Outside of that, the dungeon designs generally weren't great, and somehow, it was often hard to figure out where to go despite the small map size. Like it highlighted the normally invisible parts of design in other RPGs that make the experience smooth. And a lot of cameos are handled awkwardly. Like you'll start a boss fight, some random guy from the fighting games jumps in, is all like "Oh, I also want to attack this guy for some reason," and after he contributes nothing of value, just fucks off forever once the fight is over. It feels like some higher up either insisted on adding them at the last minute, or the game had to trim a longer part with them (the game had a troubled development with numerous delays, and they ended up scrapping a whole third of the game), and they wanted to make some use of the assets they already made.
And the other day, I started the SS2 section, and it feels like a whole different game by different people. Not more experienced people with a better idea of design, just different ones. This one's fucking hard. I got my ass kicked early on and had to grind. And the grinding took a while because I wasn't leveling nearly as fast as SS1. And there's fewer sword upgrades available than SS1. And the world is connected by these huge, maze-like dungeons that are quite unlike the small ones in the previous half. It basically feels like it has the exact opposite problems now. Currently, I got through a long, annoying dungeon, fought a boss that seemed unusually powerful, and then found that the regular ass enemies took a huge jump in difficulty if I passed into the next dungeon segment. Turns out that I managed to miss an exit to Beijing somewhere in there, and I have to backtrack through this long dungeon with frequent random encounters to figure out where the fuck I missed it if I actually want to progress in this thing. I'm still trying to decide if it's worth doing that.
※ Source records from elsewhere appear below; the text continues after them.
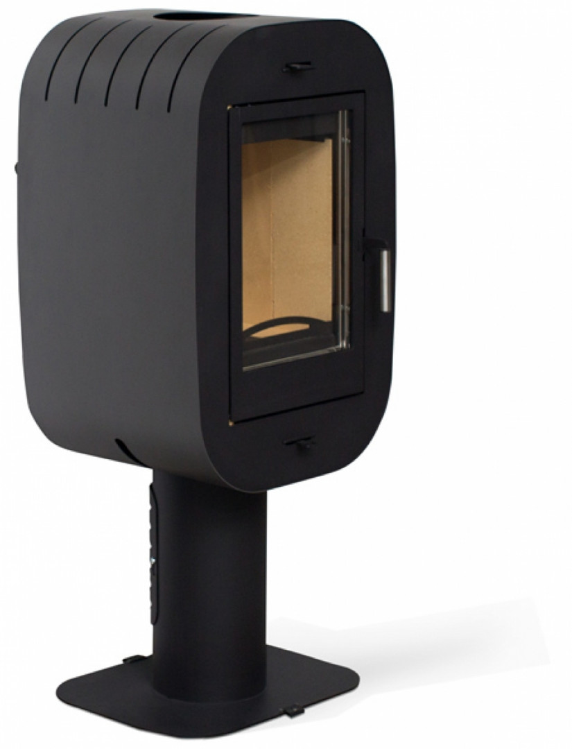 Компактная дизайнерская печь. Может устанавливаться свободно в помещении без примыкания к стене. Оригинальный дизайн делает печь доминантой в небольшом клубном помещении - бильярдная, бар, музыкальная комната. Подходит для обогрева небольшого помещения площадью 30-60 м2. Дверка высотой 310 мм. Размер поленьев 30-32 см вертикально. Подсоединение к дымоходу сверху. Система очистки «чистое стекло».
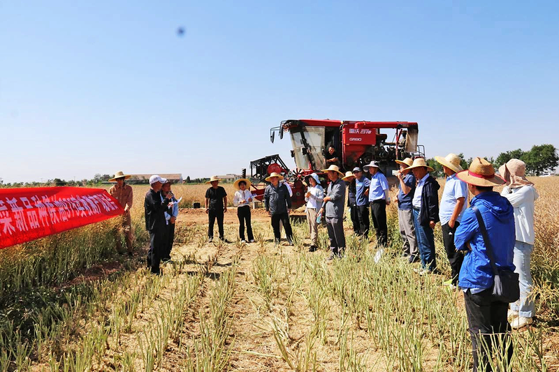 超高产高油油菜新品种“陕油975”实收测产现场会。 本报渭南讯(农业科技报・中国农科新闻网记者 闫瑜涛)6月5日上午,陕西省蒲城县荆姚镇常家村的盐碱地上,收割机轰鸣驶过金黄油菜田,扬起丰收的碎粒。这片曾因盐碱含量过高被称作“大地之殇”的土地,迎来油菜的一次性联合机收实收测产。在油菜产量提升关键技术集成与示范项目观摩会上,专家组现场实测油菜示范田,平均亩产达258.9公斤,标志着我国耐盐碱油菜品种选育与栽培技术取得重大突破。
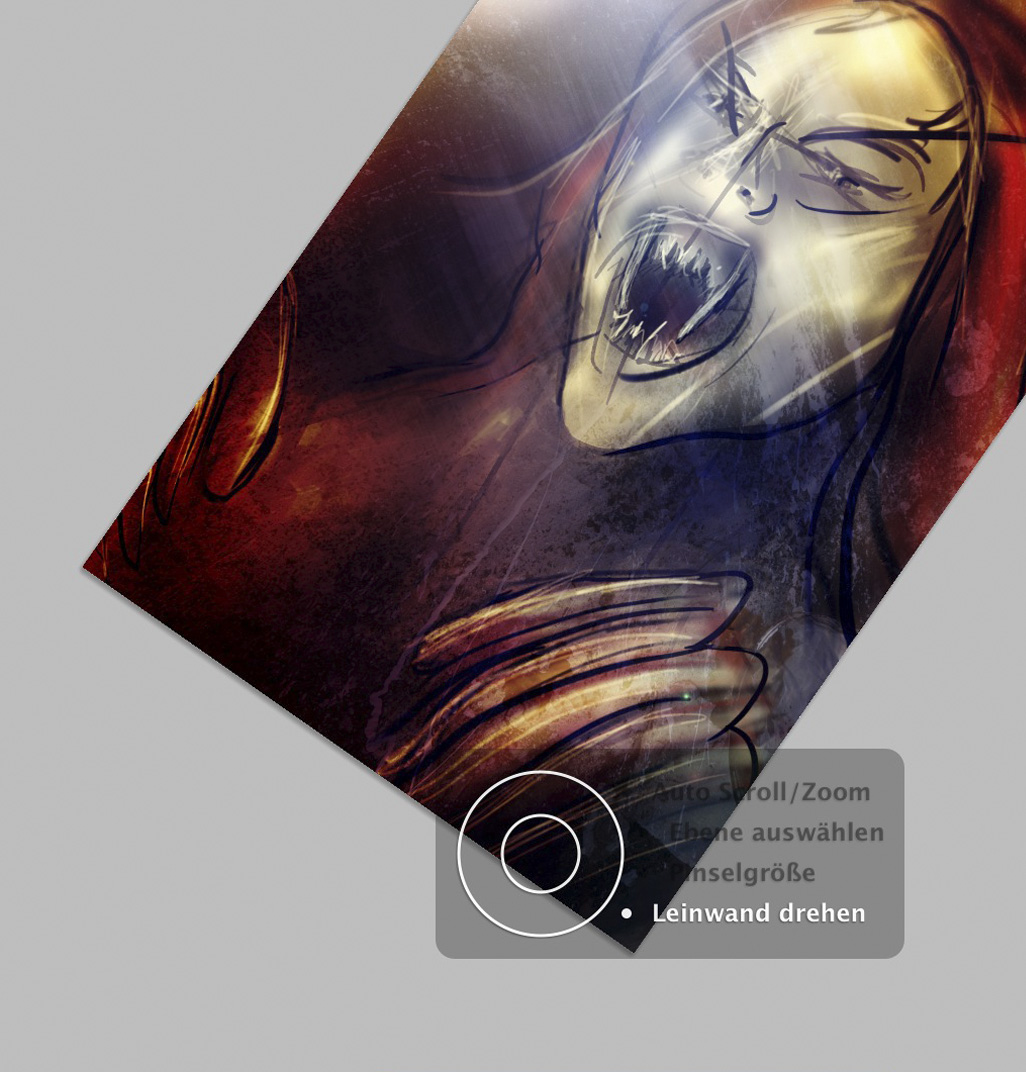 Seit Photoshop CS4 lässt sich die Arbeitsfläche drehen und so in der für das Handgelenk ergonomischsten Strichrichtung malen. Mit dem Touch Ring am Intuos 4 können Sie das jederzeit ohne Werkzeugwechsel tun. Belassen Sie im Treiber die Einstellung auf Standard und drücken Sie den mittleren Knopf des Touch Rings bis Sie „Leinwand drehen“ aktiviert haben. Mit dem Touchring drehen Sie die Arbeitsfläche. Zum Zurücksetzen der Drehung drücken Sie die Escape-Taste.
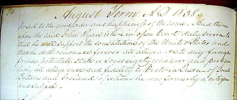 Click to enlargeThe court records do not indicate the exact date on which John Ryan was pronounced a citizen of the U.S. However, we know that he got married on August 21, 1838... and there is every reason to suspect that John (and Sarah) celebrated these two events as one gigantic "happening." It is quite possible that the citizenship ceremony and the marriage occurred on the same day.
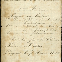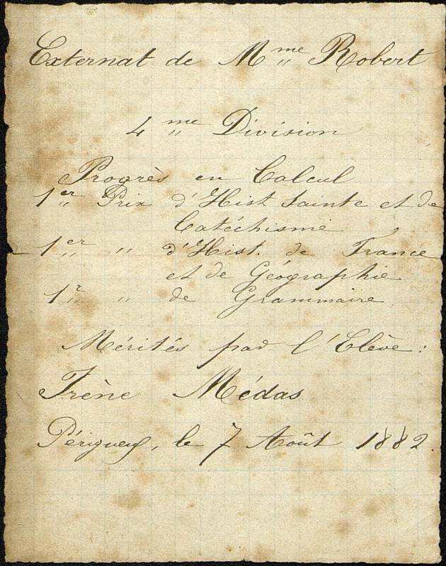 En manuscrit sur simple feuille de papier : Progrès en calcul, premier prix d'hist[oire] sainte et de catéchisme, premier prix d'histoire de France et de géographie, premier prix de grammaire mérités par l'élève à Irène Médas.
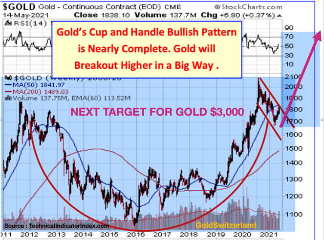 Technically gold is now finishing a big Cup and Handle pattern which projects around $3,000 as the next target.
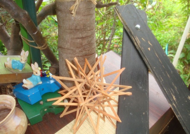先ごろ作った発泡スチロールの中型作品や,2004年にいただいた竹製の小型作品を手元に据えながらでした・・・。前作を完成させてからでも3週間余り,思いのほか苦しみましたが何とか完成です。
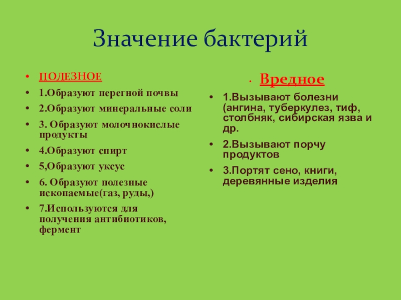 1.Вызывают болезни(ангина, туберкулез, тиф, столбняк, сибирская язва и др.
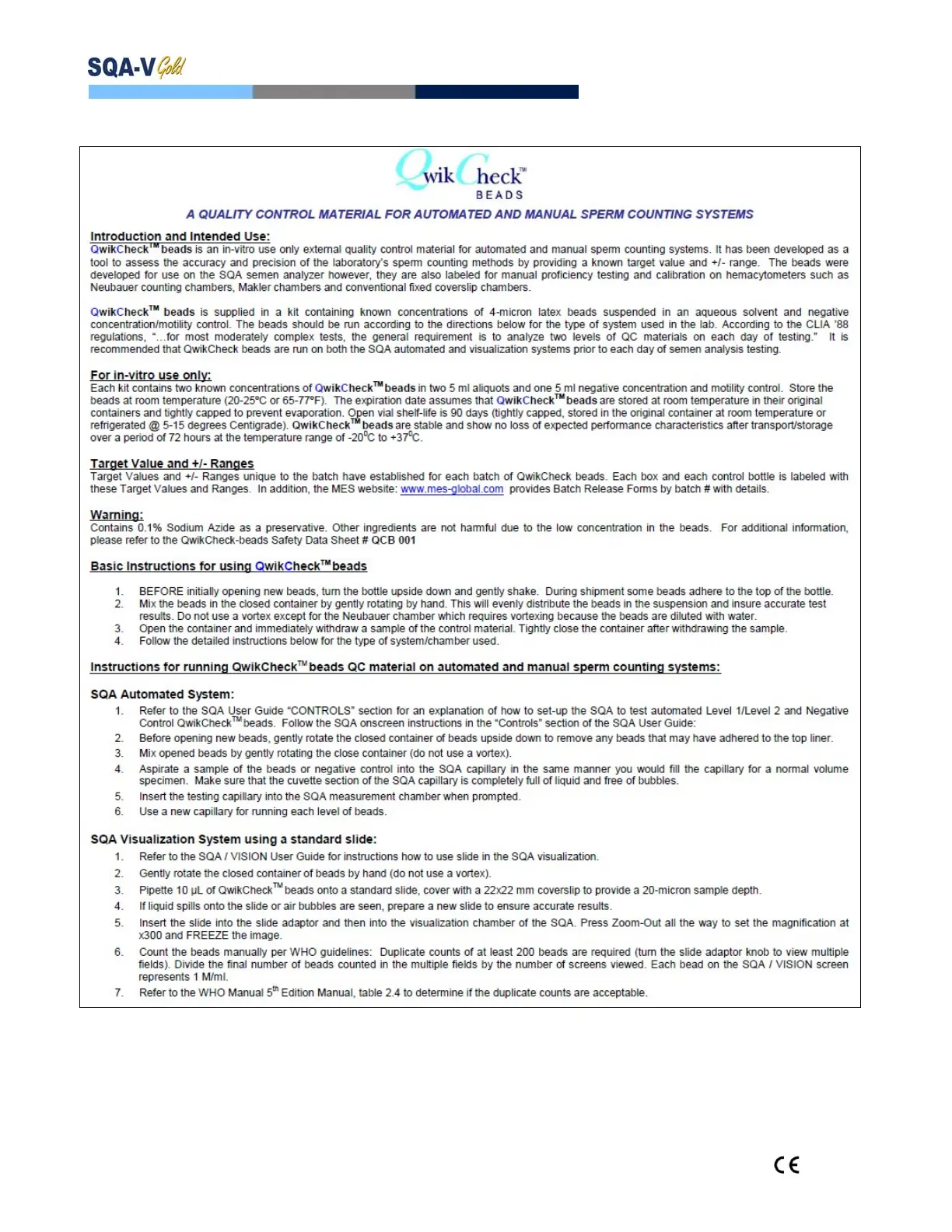MES SQA-V Gold - APPENDIX 10: Assayed Control: QwikCheck Beads; Introduction and Intended Use; For in-vitro use only; Target Value and +;- Ranges

Despite all of those complaints, I don't hate it. I feel like I overall ended up having fun for at least the SS1 half of the game. And this has some of the best sprite work on the console. But there's a reason this didn't make much of an impact in Japan, a reason why there weren't many people interested in translating it for so long, and it would have been utterly destroyed in reviews if they'd localized it at the time. It's pretty, it has some charming moments, and there's a good chance you'll get something out of it if you're already a fan of the franchise. But for everyone else, this is at best the equivalent of a middling SNES RPG that's unusually pretty.